The detector 112 may also produce as a detector output 110 information extracted from the trace output 102 and organized into a form for viewing or display. In other words, the raw trace output 102 may be voluminous and cumbersome to use. The detector 112 may reorganize the information into a form which facilitates easier comprehension and viewing. FIG. 7 includes an example of a representation 400 of such information in what may be characterized as a “rolled up” form of the trace output data, for example, as illustrated in 200 of FIG. 4.

The dynamic call information may be used in connection with facilitating identification of a location associated with an SQL injection vulnerability. The location of the unexpected event or operation may be further identified via a dynamic call path as may be identified in accordance with the dynamic call tree information. Such dynamic call information may used in identifying problems associated with nested procedure calls. The unexpected event or operation may have an associated call path identifying the active call chain of routines. For example, with reference to 260 of FIG. 5, an exception may occur when executing routine D. However, as illustrated in 260, there may be multiple instances of a routine D in progress at a point in time. In order to further identify which instance of routine D (e.g., 252, 254 or 256) is associated with the exception, the dynamic call path associated with each instance of D may be used. For example, the dynamic call path associated with 252 is A(262)-B(260)-C(258)-D(252). Such information may be used in tracking down the injection and identifying related problems in testing.

It should be noted that some of the processing described as being performed by the detector may also be performed by the generator. In other words, an embodiment may vary the partitioning of tasks performed by the detector and generator. For example, in one embodiment, the detector may report exceptions associated with input data to the generator along with any other relevant information such as the call path, associated input data items, location of input data in a statement or call, and the like, as described elsewhere herein. The detector may produce a parsed version of the trace output such as represented in 400 of FIG. 7, to the generator as well. The generator may then perform processing associated with determining unexpected events which did not cause an exception. In other words, for all possible unexpected events or operations that may indicate and SQL injection, the detector may report to the generator on those causing exceptions and the generator may examine the parsed trace output for those unexpected events that did not cause exceptions. Examples of such unexpected events not causing exceptions may include deletion of an entire table, creation of a new table, accessing a particular data file, and other statements or operations. The foregoing may be characterized as unauthorized operations that, although may be successful, should not be occurring for the particular application. The generator, rather than the detector, may further perform the processing to determine if the input data is associated with the reported exception.

It should be noted that an exception as reported by the detector may be caused by an SQL injection vulnerability or other problem. An embodiment may or may not be able to further refine by information in the trace output the cause for a particular exception.

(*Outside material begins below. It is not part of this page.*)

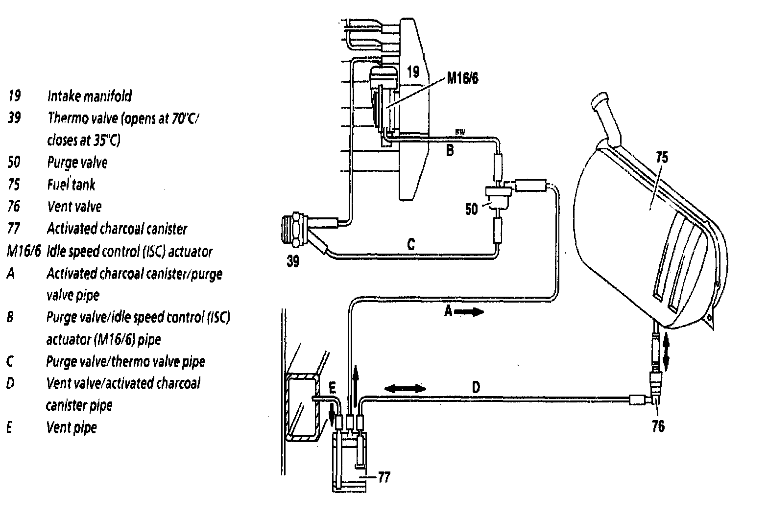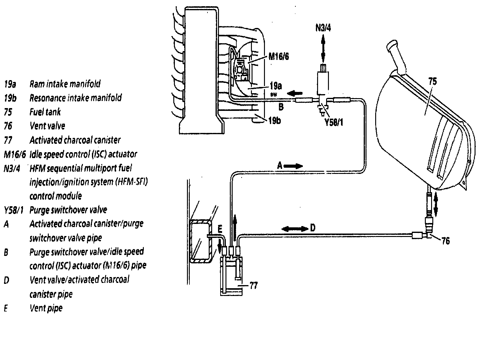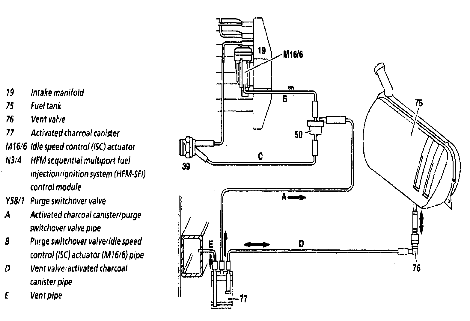 Connecting diagram of evaporation emission control system HFM-SFI models 124, 129, 140 without ski bag with engine 104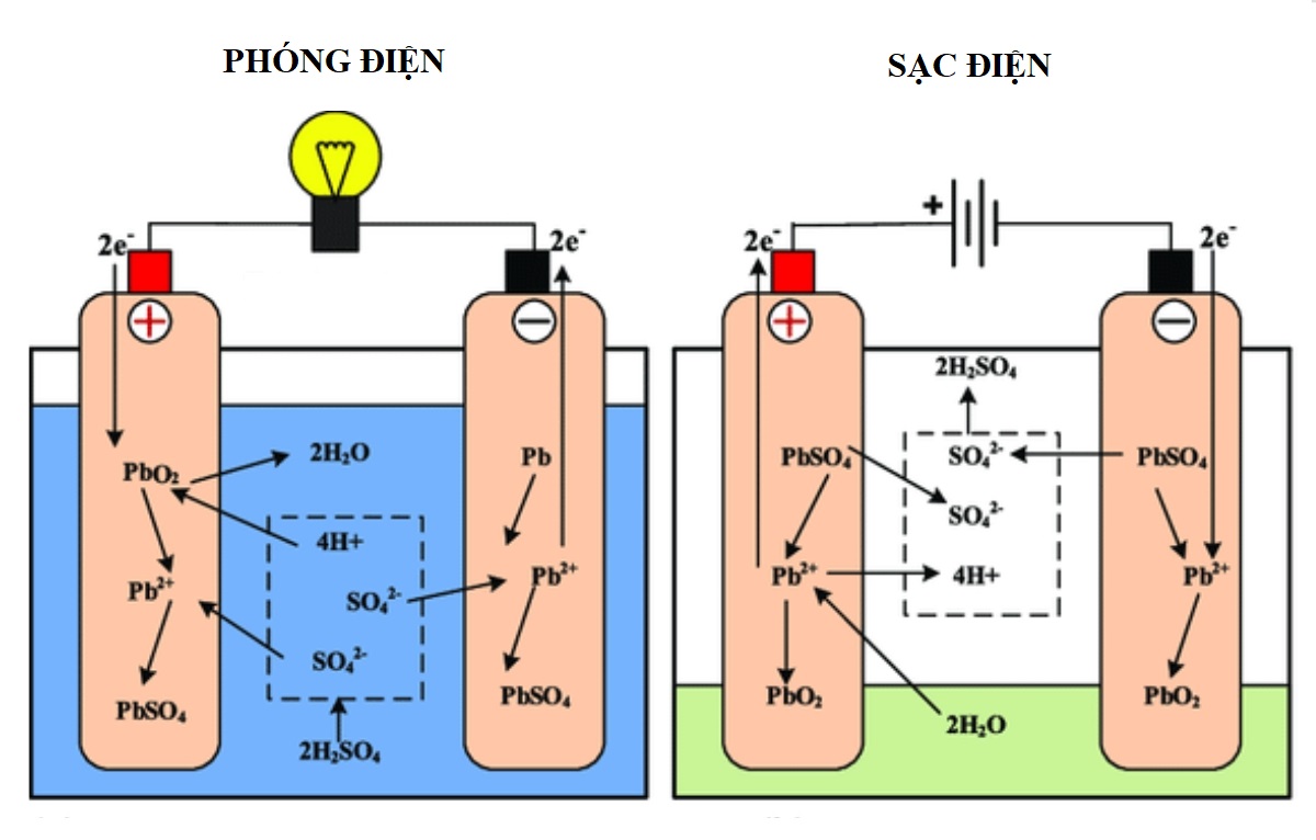 Khi ắc quy cung cấp điện cho động cơ khởi động hoặc các thiết bị điện, phản ứng hóa học xảy ra giữa điện cực và dung dịch axit sulfuric.

The generator 116 may be used to generate input data used to test for SQL injection vulnerabilities. In one embodiment, the generator 116 may obtain an initial set of input data as identified by the detector as being associated with an unexpected event or operation. Using this initial set of input data along with the additional information that may be passed by the detector to the generator, one or more subsequent sets of input data may be generated to further testing. The generator 116 may obtain the initial set of input data by intercepting the input data 120 as input by a user. Depending upon the results as reported by the detector, the generator 116 may further manipulate the input data producing subsequent sets of input data for testing.

Using the initial set of data, the generator 116 produces input data used in subsequently executed SQL statements, procedures, and the like. In one embodiment, the generator 116 may manipulate a first data item to produce one or more permutations each of which may be used as a subsequent input data. The one or more permutations may be a predefined set of instructions which are applied to the first data item or previous permutations. The generator will loop through each of these permutations and supply each as the user-supplied input data 120 in an attempt to create further unexpected events or operations indicating an SQL injection vulnerability.

The number of permutations may be configurable in order to allow for adaptation and modifications in accordance with new malicious strings that are found to cause an SQL injection vulnerability.

The particular set of permutations applied to a given data item may vary in accordance with one or more of attributes of the data item as well as the use context associated with the data item. For example, the set of permutations applied may be determined in accordance with a data type of the data item (e.g., numeric, string, within quotations), location and usage within the offending in SQL statement or procedure (e.g, value for a particular field, command, etc.), and the like. The generator may continue to apply the next defined permutation to a data item in generating subsequent sets of input data until one of two conditions occurs: all predefined permutation have been applied, or an unexpected event or operation occurs.

In a given set of input data, there may also be one or more data items. The generator may change one or more of the data items at a time in producing subsequent sets of data. The particular permutations may be based on experience of what known types of data, statements, parameters, and other characteristics are known to be sources of vulnerabilities.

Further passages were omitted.